The world of credit was wide open to most people just a few years ago. Then the bottom fell out of the world economy and most of those people were left stuck with mountains of debit, late payments and even bankruptcies. Getting credit was not made any easier with the government tightened banking regulations to avoid an even worse recession from irresponsible lending. This means when people need money for emergency expenses, or just to pay a bill and stave off a late payment, getting a non secured loan is next to impossible.

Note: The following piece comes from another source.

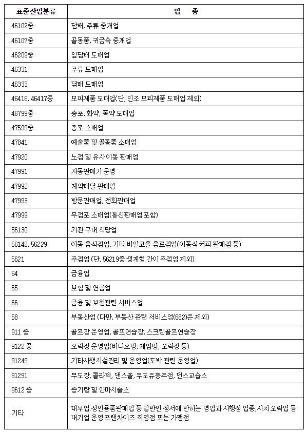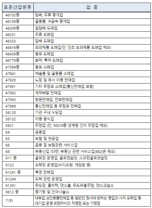 2023 영동군 소상공인 점포개선사업 지원 제외 업종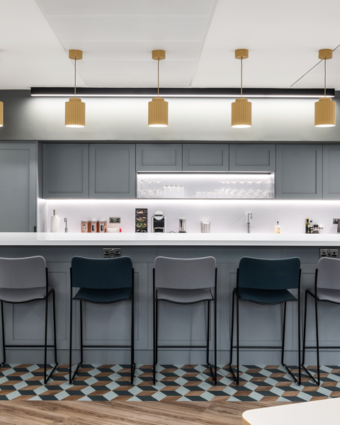 The tea point and breakout areas, convivial atmospheres of social interaction, feature upholstered counter-height 40/4 barstools. Drawing inspiration from the iconic 40/4 chair, these barstools offer a harmonious blend of elegance and minimalism. With narrow seats and a subtle recline, they offer optimal comfort for relaxed gatherings, casual work sessions, or client engagements. The versatility of the 40/4 chairs, with their stackable design for easy storage and rearrangement, enables the space to accommodate town hall meetings and large presentations as needed.

One answer to many people´s problems is pay day loans. Payday loans are simply unsecured loans attached to your paycheck. They are considered unsecured because you are offering up only future collateral, not present tangible property. There are two great things about these loans and one the makes them a bit unattractive. The first thing is that they are fast and require no credit check. If you have a job and a bank account and are at least 18 years old, you will qualify for one of these loans. The second great thing is that because you are paying them completely off each payday you get more points on your credit score. You get points for securing the loan, points for making the payment, and points for paying off the loan. Using these loans to pay off smaller creditors will also increase your points because you are eliminating creditors by turning them into credit sources.
The bad thing about these loans is the cost. The Annual Percentage Rate (APR) is used to base the interest rates on traditional loans. Payday loans however can be as much as 10% higher than traditional loans, nearly 25%, which means that if you borrow $1000 you will owe an additional $250 on your next payday.